In the name of Allah the Beneficent, the Merciful.

25th December, 2008.

 


For Immediate Release

MPAC Expresses Deep Concern Over the Arrest of Muslim Missionaries

The Muslim Public Affairs Centre, MPAC, expresses deeply felt concern over the arrest, detention and declaration of 6 Muslim missionaries as ‘suspected terrorists’ by the Inspector General of Police, IG, Sir Mike Okiro and the FCT Police Commissioner, Mr. John Haruna. In their announcement on Tuesday December 16th, the duo declared that four Zambians Messrs Mohammed Ali Patel, AbdulAziz Chhadat Musa, AbdurRehman Abbas Patel and Vali Shoeb Akubart and two Indians, Mohammed Sakil Sadiq Patel and Dawood Vali Ahmed Ise are suspected terrorists from the dreaded Al-Qaeda group. Expectedly, many local newspapers went out the next day in a frenzied screams of ‘Muslim terrorists invading Nigeria’. The 6 itinerant Muslim preachers had been variously alleged to be carrying ‘fake passports’, accused of ‘looking well’ and harassed severally by different law enforcement agencies. It is clear from the published reports of the events immediately before the arrest and announcement of arrest of these itinerant Muslim preachers that the alarm raised by the Police Chief Mike Okiro and the FCT Police Commissioner regarding threats to the Nigerian nation might not be backed by  any credible intelligence reports, but by politically motivated intelligence reports fed from abroad, superficial profiling and hyped information.

Although accused of very serious offenses, the accuracy, legitimacy and substance of those accusations remain to be seen given past politically motivated sensationalist allegations against many Muslims and Islamic groups in Nigeria. The manner and occasion in which the Muslim missionaries’ alleged links with Al Qaeda was announced by Okiro tends to support this feeling. Although they were arrested in Abuja, the IG carefully chose the occasion of the senior police officers’ conference in Akure, Ondo State, to announce their arrest and alleged links with Al Qaeda.

The group, Tabligh Movement, on invitation to Nigeria by the Tabligh Movement in Nigeria, is a well known and well respected itinerant Muslim group that, we believe, adheres to the sublime values of Islam in calling to the peaceful message of Islam as enjoined on all Muslims. They take their missionary activities very seriously, effectively demonstrating many an admirable stand against violence and extremism across the world. If it is suggested that any laws have been broken by any individuals or group then this must be proven by due legal process. Criminalizing freedom of religious association and expression is the hallmark of dictatorships, not democracies. In a functioning democracy where the rule of law is cherished, these men and their hosts should have been charged for specific offenses or released.
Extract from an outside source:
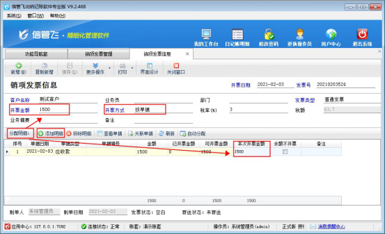 默認(rèn)新增的記錄是未開票狀態(tài),返回功能導(dǎo)航窗,點(diǎn)擊“票據(jù)管理”—》“銷項(xiàng)發(fā)票管理”界面上點(diǎn)擊“新增發(fā)票”,在新增界面選擇客戶“測(cè)試客戶”,開票方式選擇“按單據(jù)”,點(diǎn)擊“添加明細(xì)”按鈕,選擇界面發(fā)票類型選擇“全部”,勾選應(yīng)收款明細(xì)記錄。輸入開票金額后點(diǎn)擊分配明細(xì),把開票金額分配至“本次開票金額”中,然后輸入發(fā)票號(hào)保存單據(jù),如下圖所示:

Rather, the Police continued to offer steadily weaker arguments to defend their decision to continue to hold these men even as their allegations appear to be based more on a political agenda than facts. When the Police authority needed to come up with a concrete proof for their accusations they routinely take refuge in deafening silence.

Indiscriminate criminalization of the Muslim community, restricting freedoms of religious expression, and making public pronouncements that will particularly target and restrict Muslims will not make our country safer. To equate ‘terrorism’ with the aspirations of Muslims to freely preach and peacefully practice their religion is inaccurate and disingenuous. It indicates extreme and institutional intolerance and victimization of the Muslim community.  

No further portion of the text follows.